Test Studio is a tool that offers a variety of features to build custom automated solutions for desktop and web applications. It hosts and simplifies the testing process by supporting manual test creation, automation, and execution. Additionally, its reporting capabilities help in conveying to managers the quality status of the application under test. Test Studio can be extended with bug tracking tools, thus bringing the developers into the loop by seamlessly combining bug reporting within the testing process. This tool is tightly integrated with Team Foundation Server and Visual Studio, which provide the user with a wider set of benefits related to version controlling, management, development, and other powerful software test development characteristics.
Test Studio has two editions for testing desktop and web applications, the standalone and the Visual Studio plugin. Along with these editions, it supports an extended version intended for mobile testing.
Throughout this book, testers will learn how to use Test Studio features in order to create automated tests using interface recording and how to customize these tests by adding functionalities from the underlying test framework library. The different chapters cover the available built-in templates, such as manual, WPF, web, performance, and load test templates, where each chapter elucidates the underlying features that constitute the testing type implied by the template. Therefore, this book helps in learning manual test creation, automation, and execution against a WPF application, in addition to performance testing, benchmarking, workload designing, load testing, result analysis, and reporting against a web application. Furthermore, it contains an overview of Test Studio integration with Team Foundation Server and Visual Studio. A section is also dedicated to revealing the usage of Test Studio extension for automating, executing, reporting, and managing the tests for iOS applications in the cloud.
This book presents hands-on examples, code snippets, and snapshots to conduct the implementation, execution, and reporting phases pertaining to the software testing process inside Test Studio. It makes use of the available tools to present solutions for testing the functional and nonfunctional aspects of an application.
Chapter 1, Introduction, explains what software testing is, introduces some important concepts, and the comprised phases. The introduction also provides a summary of Test Studio features and the chapters in which they are reflected. This chapter also introduces the applications that will be used in the examples and how to properly set up their environment.
Chapter 2, Automating Functional Tests, introduces Test Studio, its architecture, and the supported technologies. It explains how to use its features to automate functional tests using simple recording, coding, execution, debugging, and logging. This chapter also provides an overview of test integration with Visual Studio.
Chapter 3, Data-driven Tests, demonstrates the usage of the data source features in order to create and execute data-driven automated tests. It covers the entire list of supported file system and database management sources to craft independent and embedded data-driven tests.

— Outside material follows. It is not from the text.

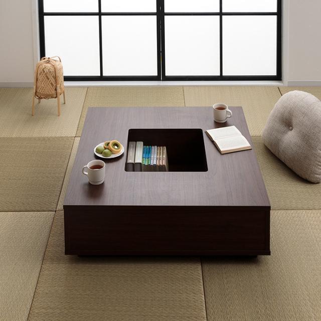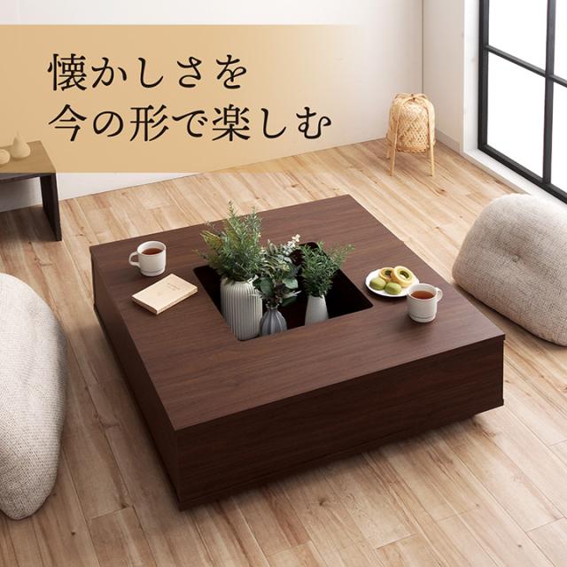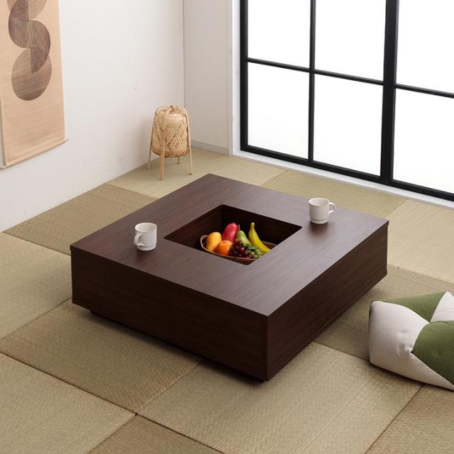 囲炉裏風テーブル 90cm幅 正方形 リビング テーブル センターテーブル 和室 洋室 畳 ベンチ 収納 正方形 シンプル 和モダン
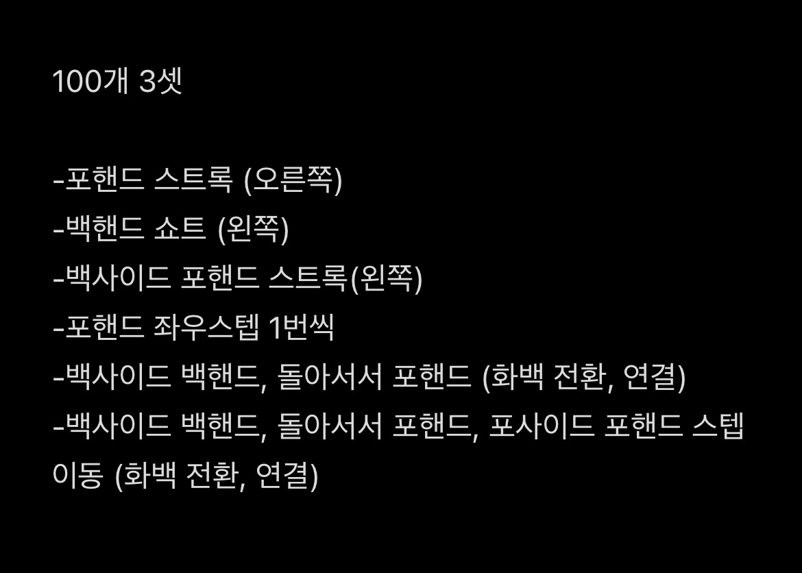 연습만이 살길이라는 것을 알면서도 꾀를 부리고 싶은 날도 생긴다. 정신을 차려야 할 때다. 혼자서도 효율적으로 연습을 하려면 어떻게 해야 할까 고민하다, 그간 배운 것들을 쭉 정리해 본다. 포핸드, 백핸드 쇼트, 백사이드 포핸드, 스텝이동 포핸드, 백핸드 후 돌아서서 포핸드, 그리고 거기에 더해 스텝이동 포핸드까지. 이전 레슨 때 코치님과 공을 나누었던 시스템을 이렇게 대략 6가지로 만들어서 2주 동안은 기계와 놀리라. 물론 저번처럼 다른 회원들의 이용에 방해가 되지 않는 선에서 말이다.

Chapter 4, Maintaining Test Elements, introduces Test Studio concepts on test element creation, recognition, finding, and editing using the tool IDE and framework library. This chapter also explains some techniques to help in sustaining the test repository and referencing it from within the automated tests.
Chapter 5, Manual Testing, demonstrates manual test creation, integration with MS Excel, execution, and transitioning to automated tests. Test Studio provides a managed process for converting manual testing into a semiautomated version through hybrid tests and then to a fully automated version. Furthermore, this chapter covers source and version controlling functions in Team Foundation Server, managed from Test Studio and Visual Studio IDEs.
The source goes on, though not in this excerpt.